Stored items
###
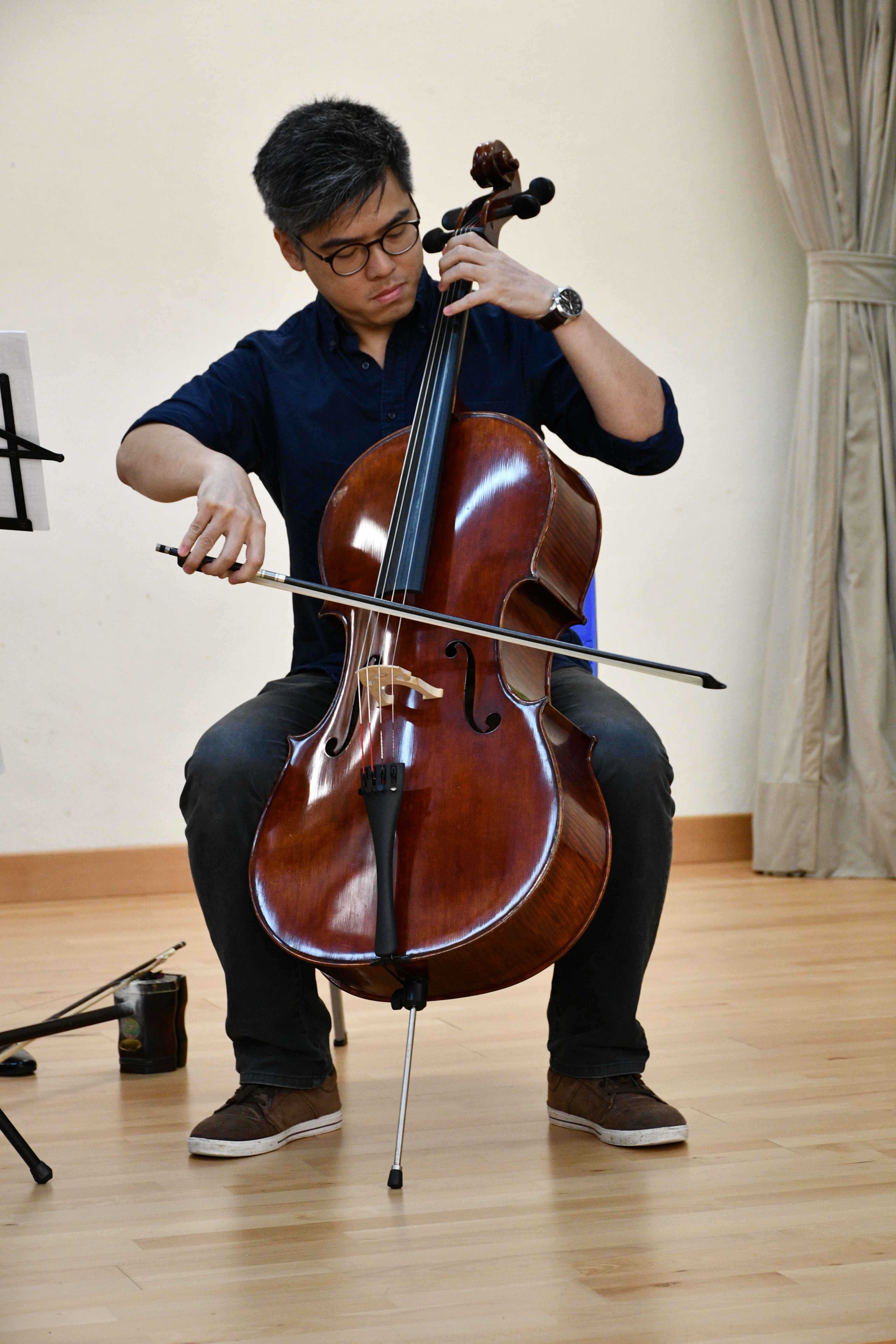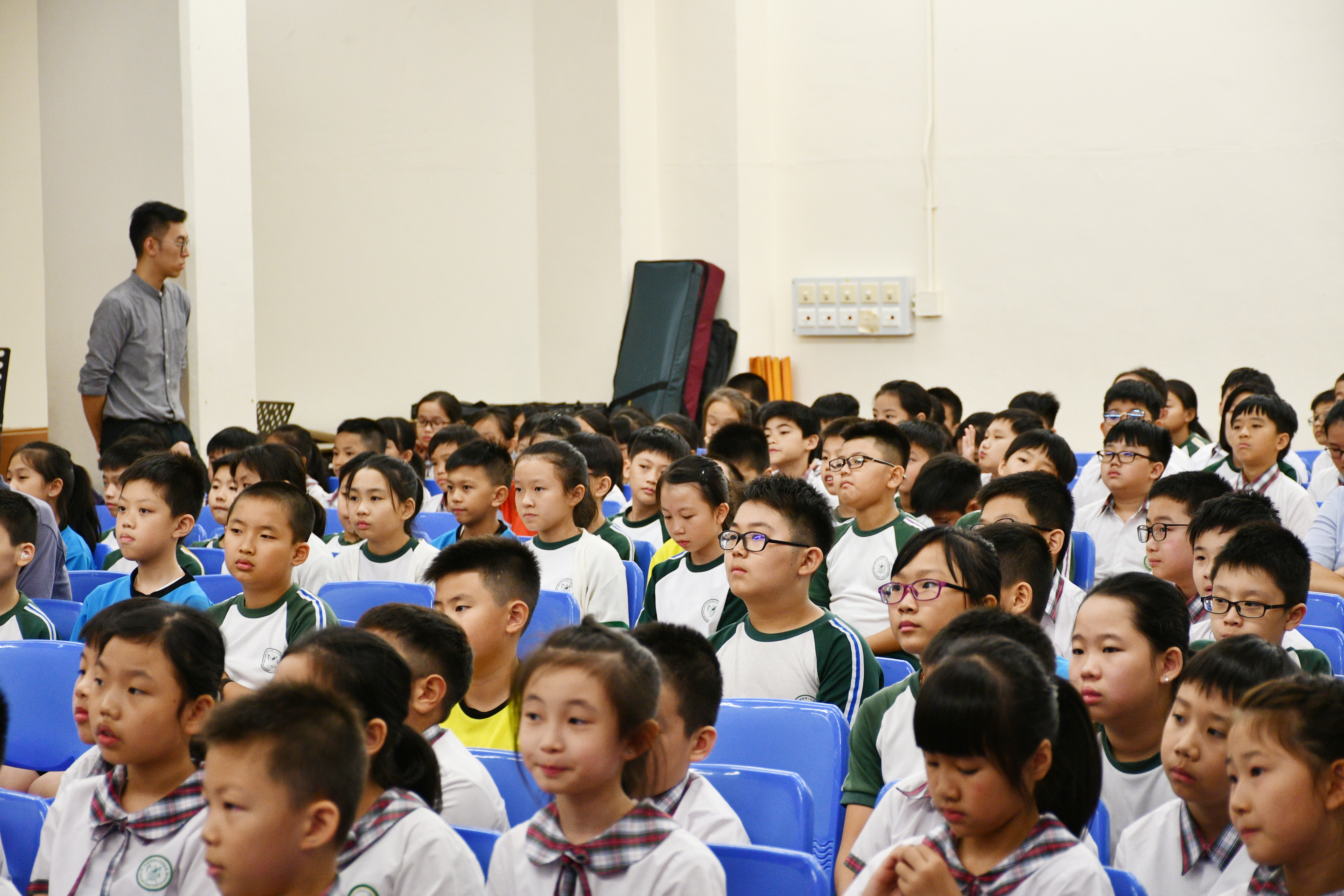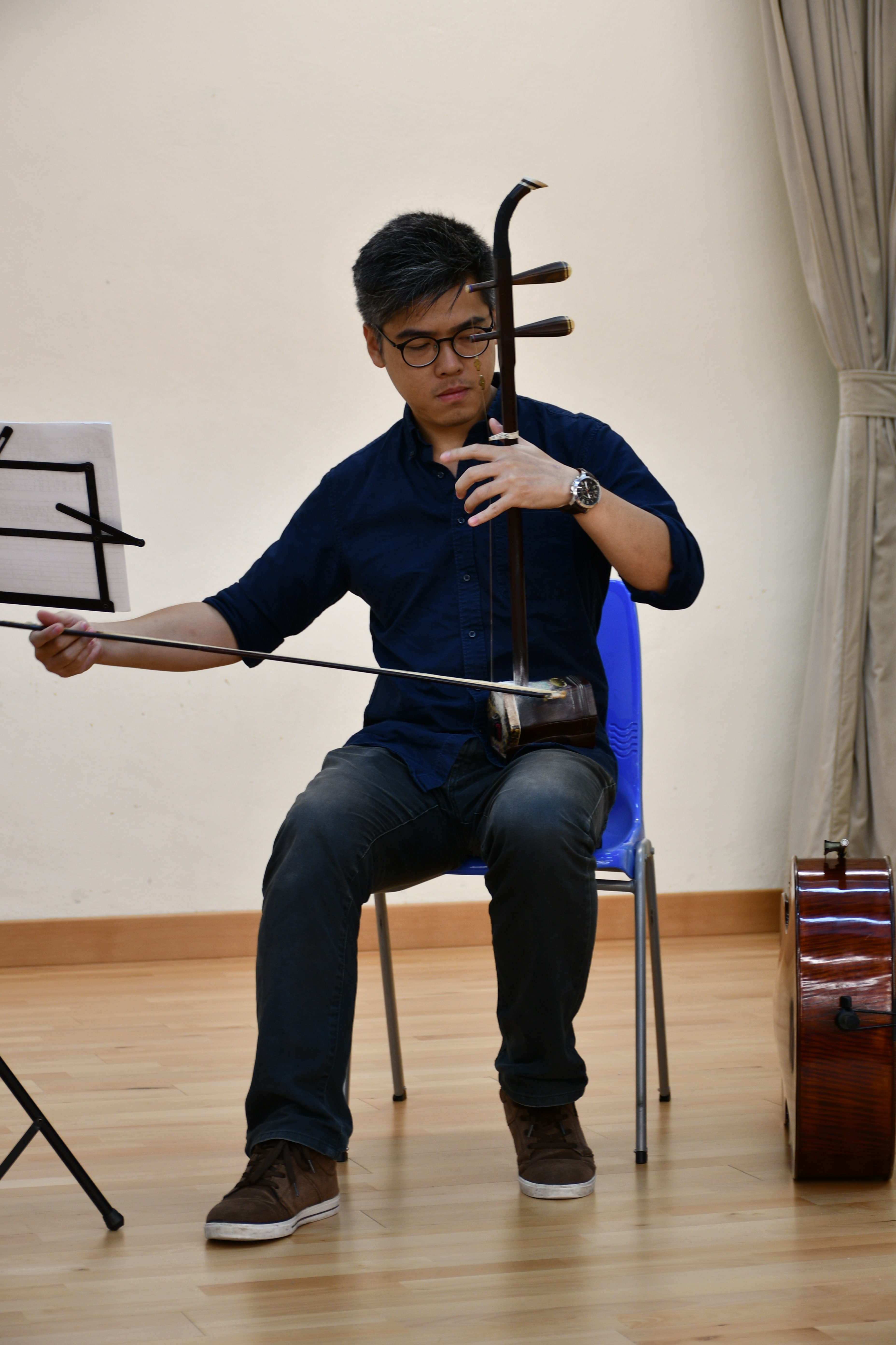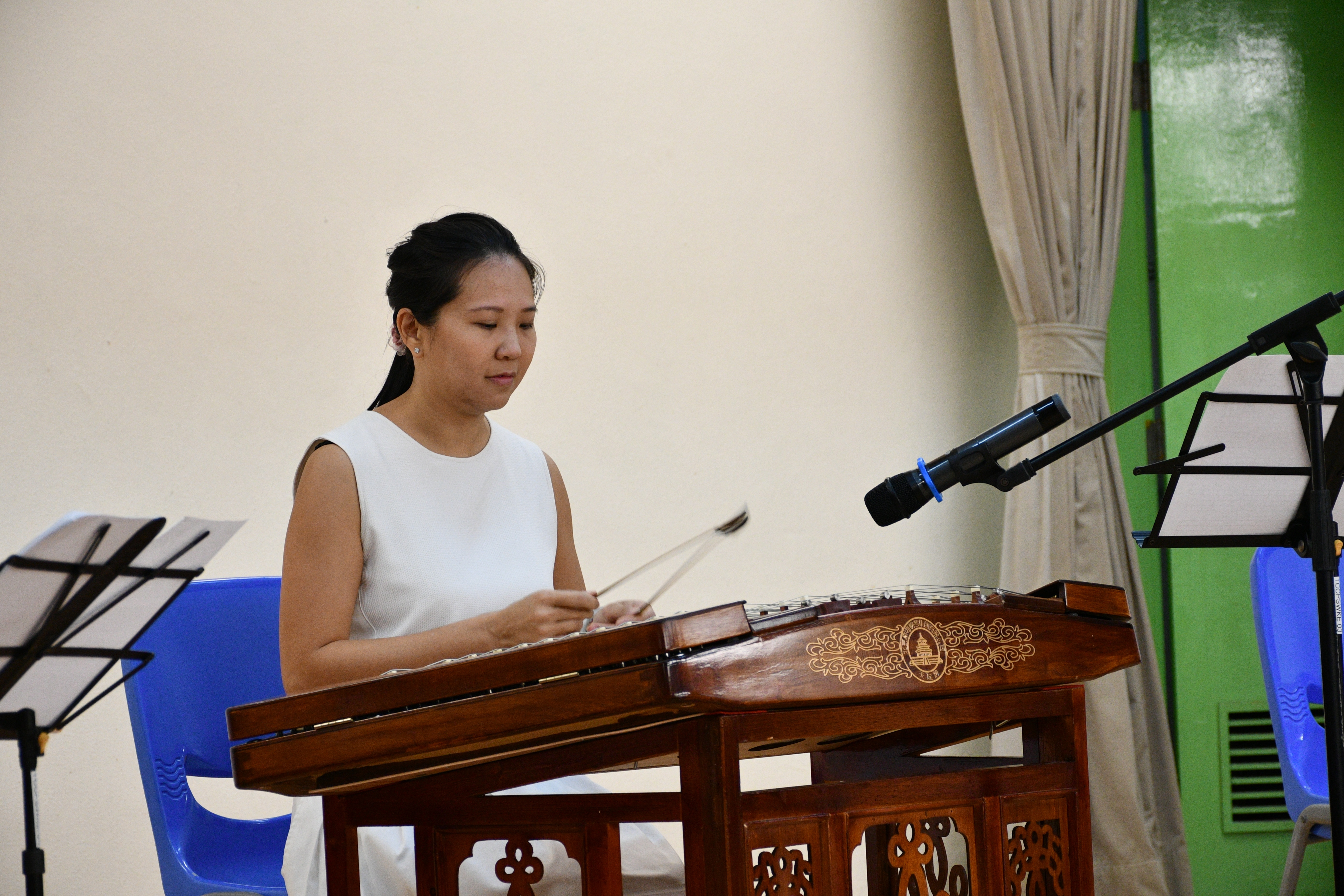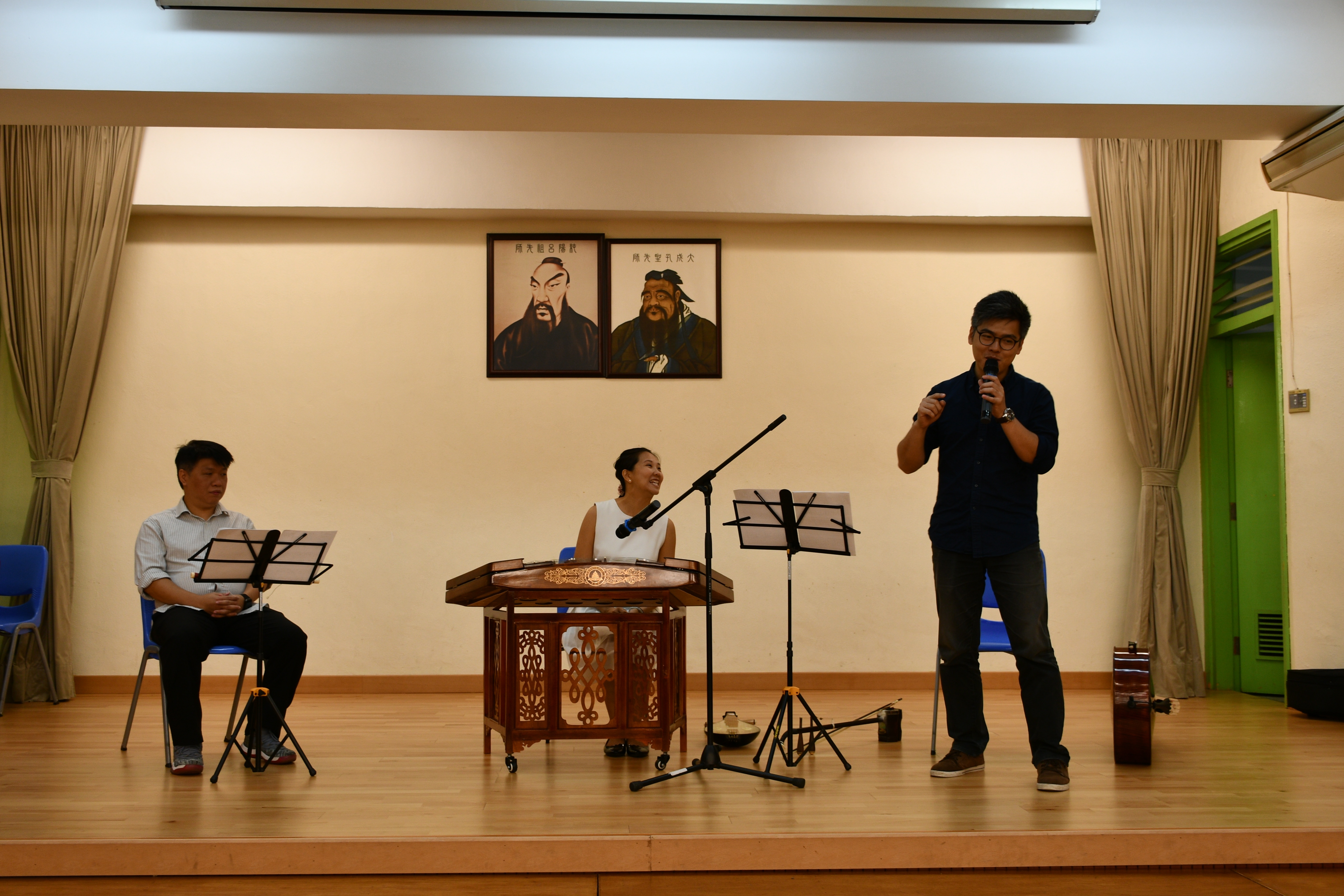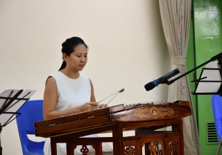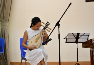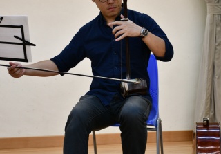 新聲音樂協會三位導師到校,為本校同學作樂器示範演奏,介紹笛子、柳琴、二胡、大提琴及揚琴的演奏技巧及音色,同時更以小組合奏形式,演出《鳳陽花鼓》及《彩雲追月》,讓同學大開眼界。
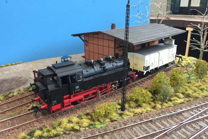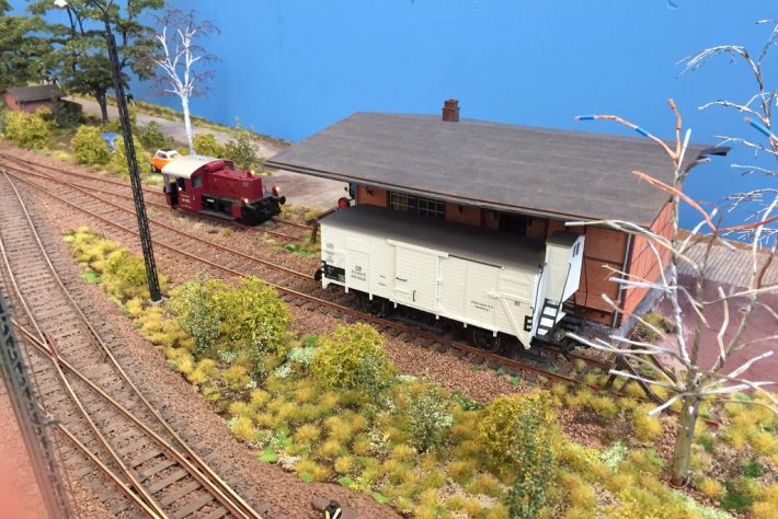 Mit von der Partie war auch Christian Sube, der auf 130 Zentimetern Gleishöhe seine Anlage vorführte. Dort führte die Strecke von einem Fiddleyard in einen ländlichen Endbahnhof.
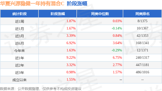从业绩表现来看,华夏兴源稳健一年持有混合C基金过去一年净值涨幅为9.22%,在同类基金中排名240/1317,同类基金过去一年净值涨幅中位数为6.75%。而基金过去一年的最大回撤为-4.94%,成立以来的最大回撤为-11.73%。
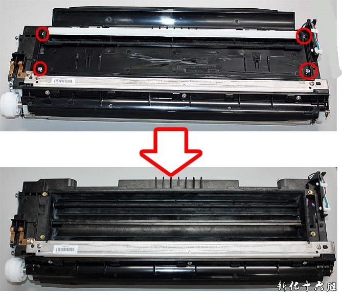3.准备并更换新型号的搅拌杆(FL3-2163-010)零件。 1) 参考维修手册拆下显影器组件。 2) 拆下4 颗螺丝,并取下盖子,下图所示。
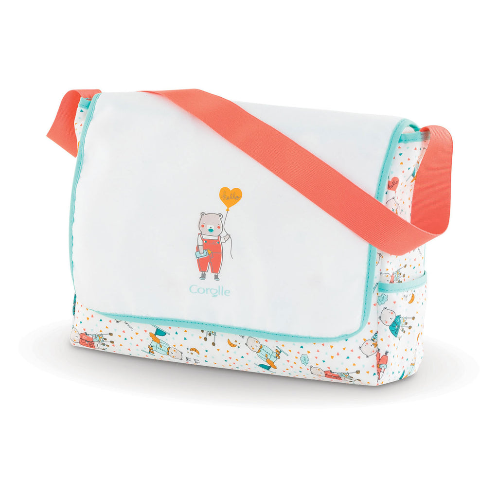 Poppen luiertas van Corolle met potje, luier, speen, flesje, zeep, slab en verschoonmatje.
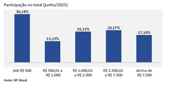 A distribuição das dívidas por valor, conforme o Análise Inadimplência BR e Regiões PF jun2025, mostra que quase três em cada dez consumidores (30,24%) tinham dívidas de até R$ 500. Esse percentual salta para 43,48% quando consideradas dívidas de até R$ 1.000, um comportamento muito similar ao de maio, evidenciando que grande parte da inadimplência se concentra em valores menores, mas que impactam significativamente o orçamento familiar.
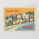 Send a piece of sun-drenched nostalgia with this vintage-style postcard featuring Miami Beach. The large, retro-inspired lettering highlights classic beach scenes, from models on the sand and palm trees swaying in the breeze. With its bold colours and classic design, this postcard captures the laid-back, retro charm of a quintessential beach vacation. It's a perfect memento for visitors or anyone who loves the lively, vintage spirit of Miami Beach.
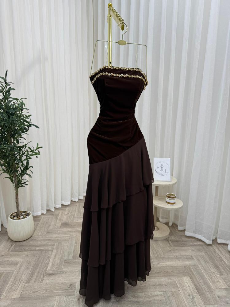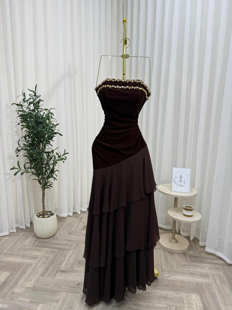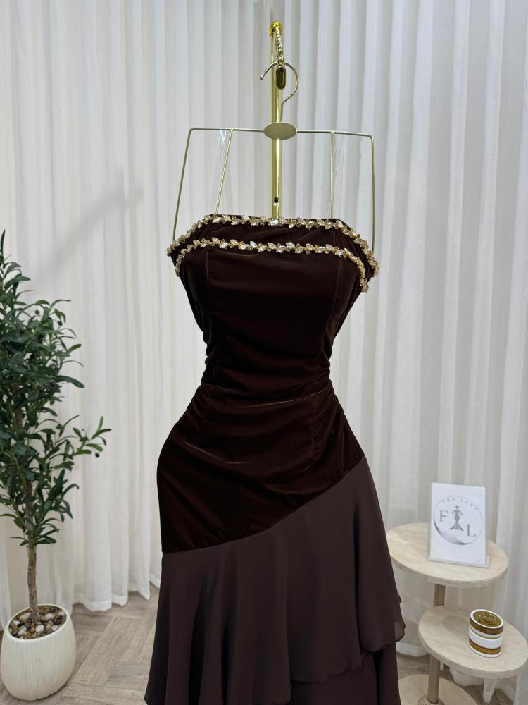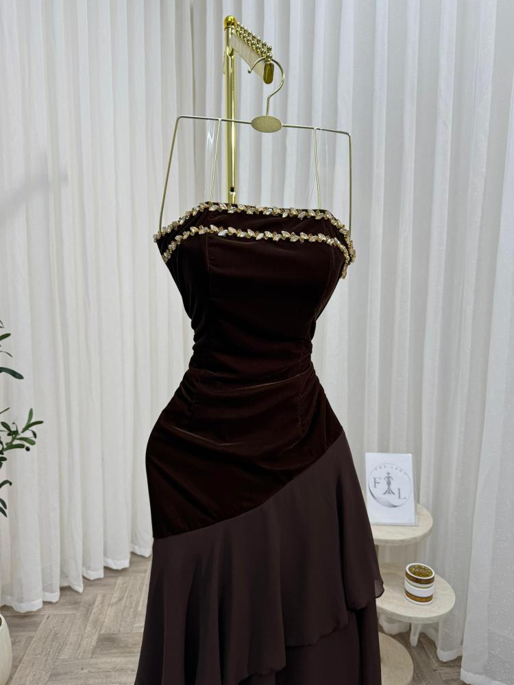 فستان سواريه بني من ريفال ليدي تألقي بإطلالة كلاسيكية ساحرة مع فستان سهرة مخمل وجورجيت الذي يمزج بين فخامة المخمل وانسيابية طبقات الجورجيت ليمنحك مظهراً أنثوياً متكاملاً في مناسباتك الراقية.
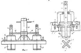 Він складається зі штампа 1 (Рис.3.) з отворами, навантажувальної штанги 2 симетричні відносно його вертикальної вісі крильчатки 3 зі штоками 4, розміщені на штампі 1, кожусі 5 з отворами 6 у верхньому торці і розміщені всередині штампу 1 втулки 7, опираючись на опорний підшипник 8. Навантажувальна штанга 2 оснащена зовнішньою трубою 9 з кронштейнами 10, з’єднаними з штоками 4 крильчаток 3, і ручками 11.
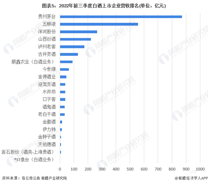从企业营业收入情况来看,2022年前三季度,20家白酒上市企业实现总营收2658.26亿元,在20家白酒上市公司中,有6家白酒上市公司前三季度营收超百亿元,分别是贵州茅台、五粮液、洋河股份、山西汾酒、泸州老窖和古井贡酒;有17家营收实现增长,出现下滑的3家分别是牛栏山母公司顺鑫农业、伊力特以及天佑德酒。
###
Task requirements: Transcribe only the lines above that start at the line containing "Poppen luiertas van" and end at the line containing "فستان سواريه بني". Omit pictures.

Result for this exercise:
 Poppen luiertas van Corolle met potje, luier, speen, flesje, zeep, slab en verschoonmatje.
 A distribuição das dívidas por valor, conforme o Análise Inadimplência BR e Regiões PF jun2025, mostra que quase três em cada dez consumidores (30,24%) tinham dívidas de até R$ 500. Esse percentual salta para 43,48% quando consideradas dívidas de até R$ 1.000, um comportamento muito similar ao de maio, evidenciando que grande parte da inadimplência se concentra em valores menores, mas que impactam significativamente o orçamento familiar.
 Send a piece of sun-drenched nostalgia with this vintage-style postcard featuring Miami Beach. The large, retro-inspired lettering highlights classic beach scenes, from models on the sand and palm trees swaying in the breeze. With its bold colours and classic design, this postcard captures the laid-back, retro charm of a quintessential beach vacation. It's a perfect memento for visitors or anyone who loves the lively, vintage spirit of Miami Beach.
 فستان سواريه بني من ريفال ليدي تألقي بإطلالة كلاسيكية ساحرة مع فستان سهرة مخمل وجورجيت الذي يمزج بين فخامة المخمل وانسيابية طبقات الجورجيت ليمنحك مظهراً أنثوياً متكاملاً في مناسباتك الراقية.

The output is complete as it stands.